• _WORK INSTRUCTIONS_
Retype the data that follows exactly. No pictures belong in the copy.

• _COLLECTED MATERIAL_
= = =

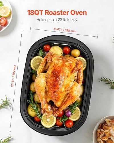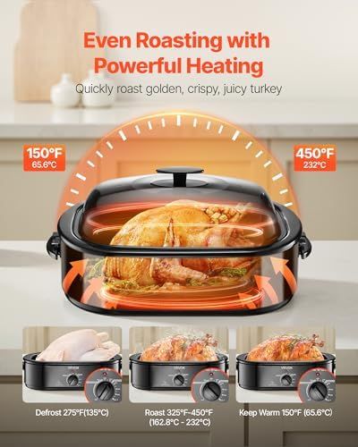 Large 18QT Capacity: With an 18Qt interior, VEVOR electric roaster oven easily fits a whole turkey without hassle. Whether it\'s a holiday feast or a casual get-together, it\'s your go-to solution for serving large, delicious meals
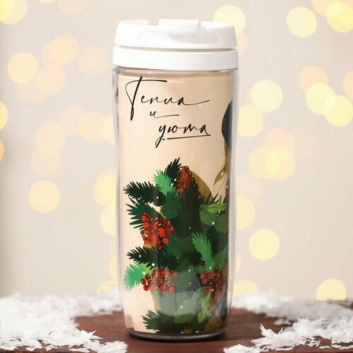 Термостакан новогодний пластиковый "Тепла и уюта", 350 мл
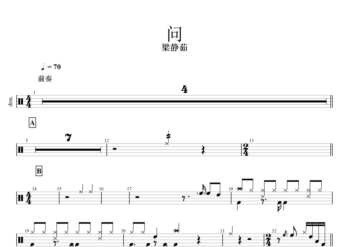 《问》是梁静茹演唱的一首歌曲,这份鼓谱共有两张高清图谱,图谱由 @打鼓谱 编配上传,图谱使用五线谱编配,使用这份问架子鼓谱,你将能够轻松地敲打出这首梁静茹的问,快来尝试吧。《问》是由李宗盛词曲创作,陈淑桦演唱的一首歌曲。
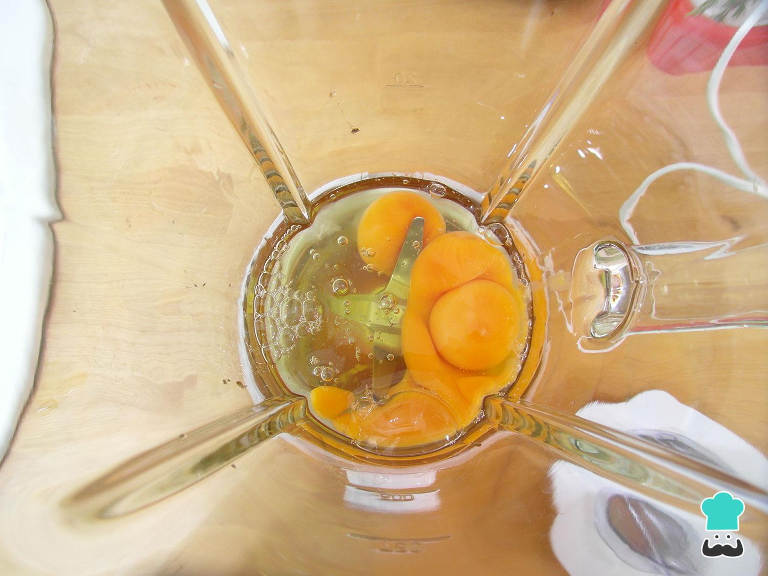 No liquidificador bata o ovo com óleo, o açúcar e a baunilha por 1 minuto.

= = =

• _OUTPUT FOR THIS EXERCISE_
 Large 18QT Capacity: With an 18Qt interior, VEVOR electric roaster oven easily fits a whole turkey without hassle. Whether it\'s a holiday feast or a casual get-together, it\'s your go-to solution for serving large, delicious meals
 Термостакан новогодний пластиковый "Тепла и уюта", 350 мл
 《问》是梁静茹演唱的一首歌曲,这份鼓谱共有两张高清图谱,图谱由 @打鼓谱 编配上传,图谱使用五线谱编配,使用这份问架子鼓谱,你将能够轻松地敲打出这首梁静茹的问,快来尝试吧。《问》是由李宗盛词曲创作,陈淑桦演唱的一首歌曲。
 No liquidificador bata o ovo com óleo, o açúcar e a baunilha por 1 minuto.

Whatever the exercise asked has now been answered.